Data Processing Using Multiple Transforms

The transformation framework is designed to operate on arbitrary arrays of bytes with a specialization for columnar data, generally contained in parquet files and read as pyarrow tables.

In general, transforms can be written to process any type of binary data, to be interpreted by the transform.

The table-specific transforms are written to process a table to, for example:

Remove duplicates or non supported documents, for example, exact and fuzzy dedup, or language selection
Transform files, for example coalesce or split files or add/remove some of the columns
Annotate the tables to add additional data such as document quality score, language, etc.
Derive statistics on data in one or more columns
Filter the table to remove or edit rows and/or columns, for example to remove rows from blocked domains.
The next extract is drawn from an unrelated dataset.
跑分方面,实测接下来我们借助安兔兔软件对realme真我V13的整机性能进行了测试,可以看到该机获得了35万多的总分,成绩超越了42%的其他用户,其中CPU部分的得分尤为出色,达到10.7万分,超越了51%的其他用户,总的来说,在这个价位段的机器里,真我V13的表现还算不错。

The table is generally expected to have something like the following minimal set of columns :

URL source of the document (can be use for domain block listing)
Document id
Contents of the actual document to be used for LLM training

The following might be an example sequence of transforms (applied to tables, though the model is equivalent for binary data transformations)

Data Transformation

The ordering of the transforms can change depending on the requirements on the training data.

Each transform is generally run on a set of input files to produce a set of output files. The transforms are generally sequenced/stitched together, each accepting the completed set of output files from a previous transform in the sequence.

Data Transformation Flow

Transforms are generally executed in one of the available "runtimes" with scalability provided by the Ray and Spark runtimes.